Justice Gorsuch’s opinion, while noting the rule that states do not have to create exemptions from generally applicable laws for sincere religious beliefs finds that the disparate treatment of people who support and oppose discrimination means that the law is not generally applicable.  Of course, this claim is logically weak.  All laws reflect some viewpoint of right and wrong.   A law against animal sacrifice is generally applicable despite the fact that it only punishes those who want to engage in animal sacrifice.  Alternatively, Justice Gorsuch suggests that none of the bakers were discriminating based on status but only based on the content of the message put forth by the cake.  Again, this argument ignores that the message that some bakers refused to provide was an express message of bigotry while the message that the baker in this case refused to provide was only his own internal interpretation of an implicit message arising out of the use to which his customer would put his product.

Justice Thomas finds that there is a free speech exception to civil rights laws when the discriminatory conduct is expressive and would find that custom cakes are expressive.

Finally, Justice Ginsburg finds that, regardless of the comments by one commissioner, the full review process removes any taint from the ultimate result.
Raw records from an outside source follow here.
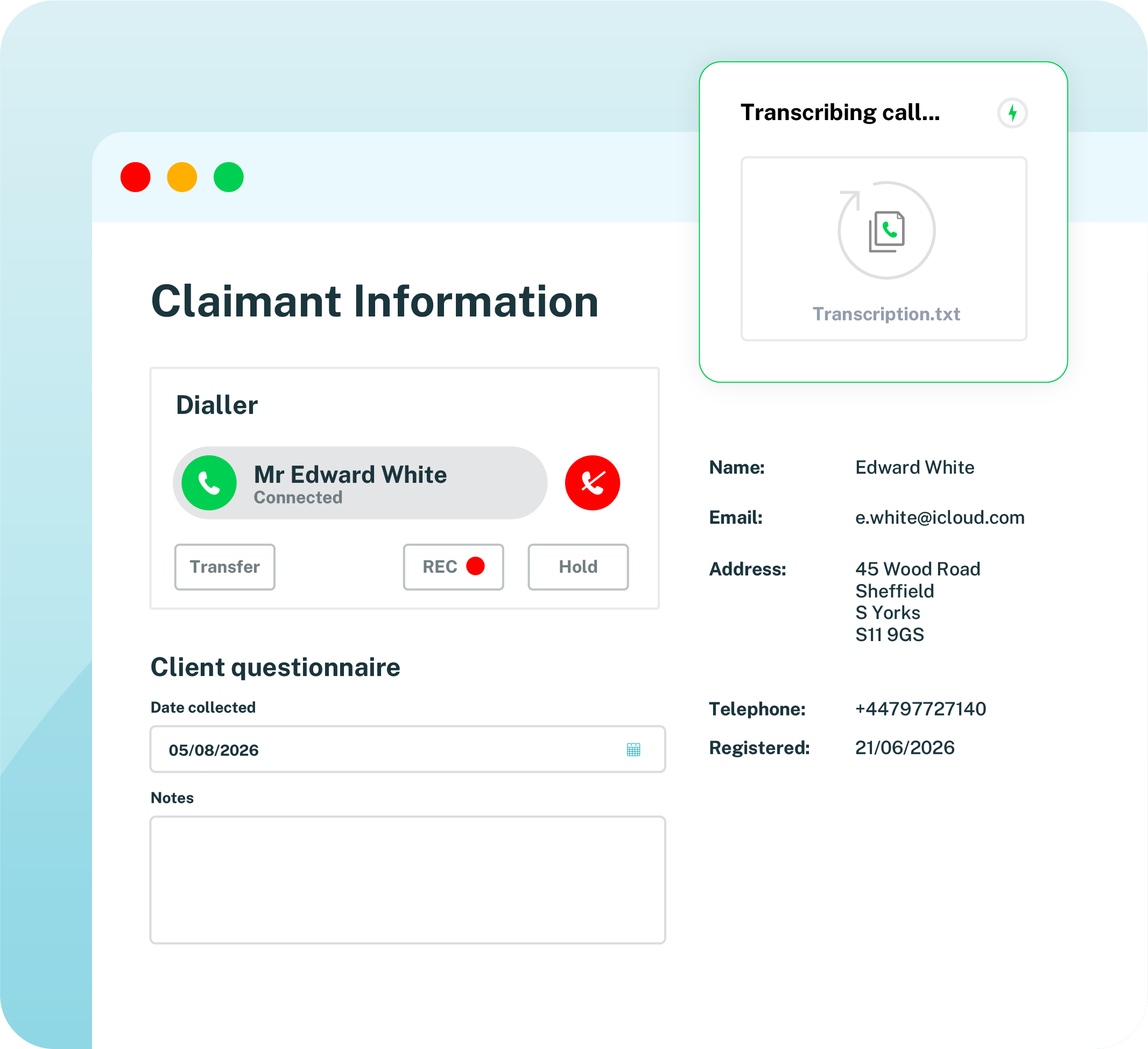 with automatic recording, transcription, and data capture, giving your team full visibility and confidence in every claim conversation.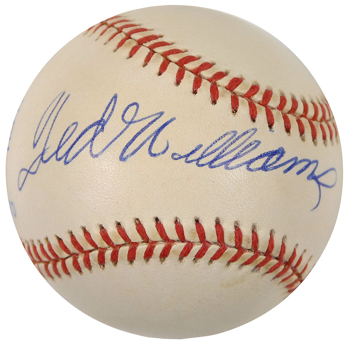 Official Rawlings American League baseball signed in blue ballpoint on a side panel. In very good condition, with a uniform shade of mild toning. Accompanied by a certificate of authenticity from Upper Deck, as well as the original box and cloth bag.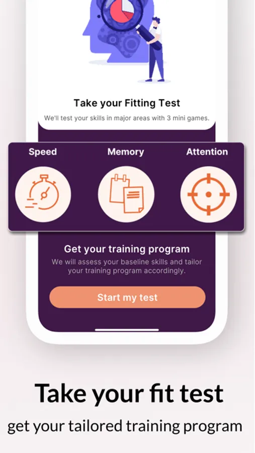 Firstly, we ask you to complete the free personalization and fitting test to prepare the tailored brain fitness program in line with your interests and development needs. As you play specially designed games and do brain workouts, we measure your core cognitive functions regularly, identify your weaknesses and strengths, and keep offering the most suitable brain exercises that fit your goal and needs best.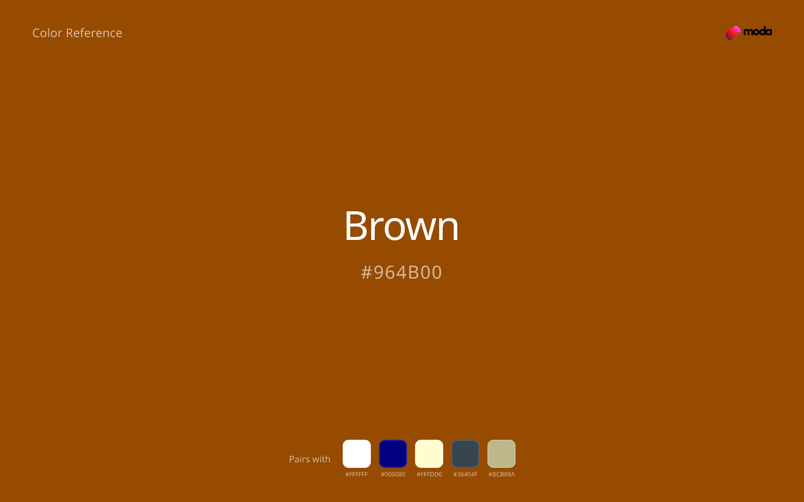 The hex code for brown is #964B00. In RGB, that's 150 red, 75 green, and 0 blue. The approximate CMYK equivalent is 0% cyan, 50% magenta, 100% yellow, and 41% key (black).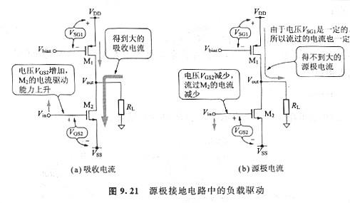 另一方面,Vout上升時,自輸出端流向負(fù)載電阻的電流(源極電流)取不出那么大的值。原因是p溝MOS晶體管Mi的源極-柵極間電壓VSG1是一定的,M1能夠流出的電流沒有變化。這種情況示于圖9.21(b)中。因此,這個輸出電路流出的電流不能夠超越M1的穩(wěn)定的源極電流。在需求輸出大的源極電流的場合,要求輸出電路必需經(jīng)常流過與源極電流相等的靜態(tài)電流(無功電流)。這關(guān)系到效率的下降。 為了以小的靜態(tài)電流獲得無論是源極電流還是吸收電流都需求的大的輸出電流,應(yīng)該思索AB級輸出電路。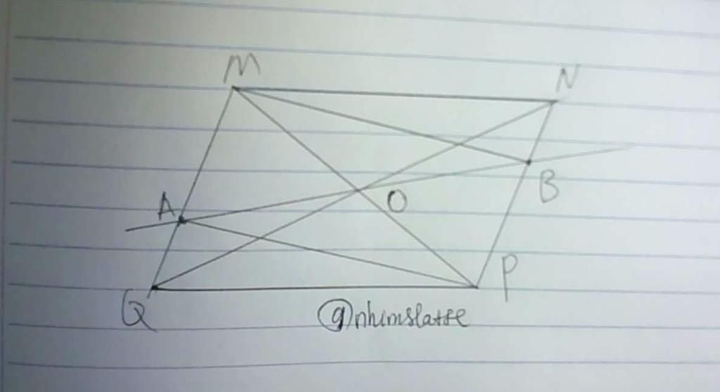Cho hình bình hành MNPQ, hai đường chéo MP và NQ cắt nhau tại O. Đường thẳng d qua O cắt MQ tại A, cắt NP tại B.

Because the majority opinion does not reach the ultimate result in this case, it is tough to read the tea leaves for future cases.  There are clearly four votes for the proposition that civil rights laws can ban discrimination even if the would-be discriminators assert that they are acting based on their faith rather than bigotry.  The Chief Justice and Justice Kennedy appear to generally support this proposition while recognizing that there is some exception — at least for ministers being asked to perform a religious service — where the act can only be seen as a religious exercise.  Where exactly the line between these two should be drawn is left for another day.

Three other cases were decided today, leaving twenty-five cases for the last three weeks of the term.